For some reason the field of data compression seems to attract more than its share of scammers, and in a few cases they have managed to collect millions of dollars in investment money before either being exposed, indicted, or disappearing.
Random Compression
While a lot of compression scams are a result of greed and larceny, I have a feeling that many start out with a foundation of ignorance. Since writing The Data Compression Book in 1992, I've been on the receiving end of countless proposals for algorithms that can "compress any file", "compress random data", and the ever-popular "repeatedly compress its own output."
Ultimately all three of these claims have to effectively do the same thing, which is to take any arbirtrary file as input, and guarantee to produce a smaller file as output.
This is of course, not possible when compressing losslessly, as anyone who can understand the Pigeonhole Principle has to agree. But that doesn't prevent the enthusiasts from figuratively grabbing you by the lapels and eagerly describing their latest idea that will compress a file of any size down to 256 bytes, eventually.
The Death of comp.compression
In the grand scheme of things, this minor delusion wouldn't be too much of a problem. But it matters to me for one good reason: it has pretty much destroyed comp.compression.
The first time I saw the power this had over comp.compression was back in 1996, when a person named Jules Gilbert made his first claim to be able to compress random data:
The original random file (of LZ input) is increased in length,
typically by about 30-50%. After re-application of the LZ method,
the resultant file is reduced by perhaps a factor of 3-4 times.
The resulting stir of name-calling, insults, scorn, and pedantry seemed to occupy most of the bandwidth of the newsgroup for weeks on end. 13 years later, the trend continues unabated.

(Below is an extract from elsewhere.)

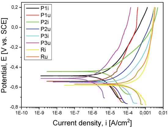 If we take into account the electrochemical measurements presented in Table 3, from the open-circuit potential (Eoc) evolution point of view, we observe that sample P2i has a more electropositive potential (−463 mV) and, consequently, a more noble electrochemical character and, possibly, a better corrosion behavior. The same sample (P2i) also recorded a more electropositive corrosion potential (Ecorr) (−442 mV), i.e., a better corrosion behavior in the equivalent solution compared to the other three samples.

While there are plenty of good posts to comp.compression, it sometimes seems that 50% of the traffic is devoted to arguing about these impossibilities. A look back through recent traffic shows that most of the posts are on sensible topics, but a single post by Jules Gilbert (correct, he has not given up yet!) yields a thread with 29 responses, which means it totally dominates downstream traffic for days on end.
The Challenge
I took a shot at reducing the amount of time arguing the point by creating the Million Random Digit Challenge . , which I posted on comp.compression in 2002. Nobody has succeeded in writing a program which can effectively compress this data, and it is unlikely that anyone ever will. Any poster to comp.compression who claims to be able to do it is usually faced with the challenge, and none have overcome it.
But has that reduced the numbing stream of nonsense? Nope.
I don't know if other niche newsgroups have the same issues but I suspect they each have their own share of trolls and enthusiastic knuckleheads that do their best to cap the usable bandwidth.
Which is a shame; because unmoderated USENET groups in principle are a great, democratic institution, and could have been just as useful as the Wikipedia.
There's a lesson to be learned in this, somewhere.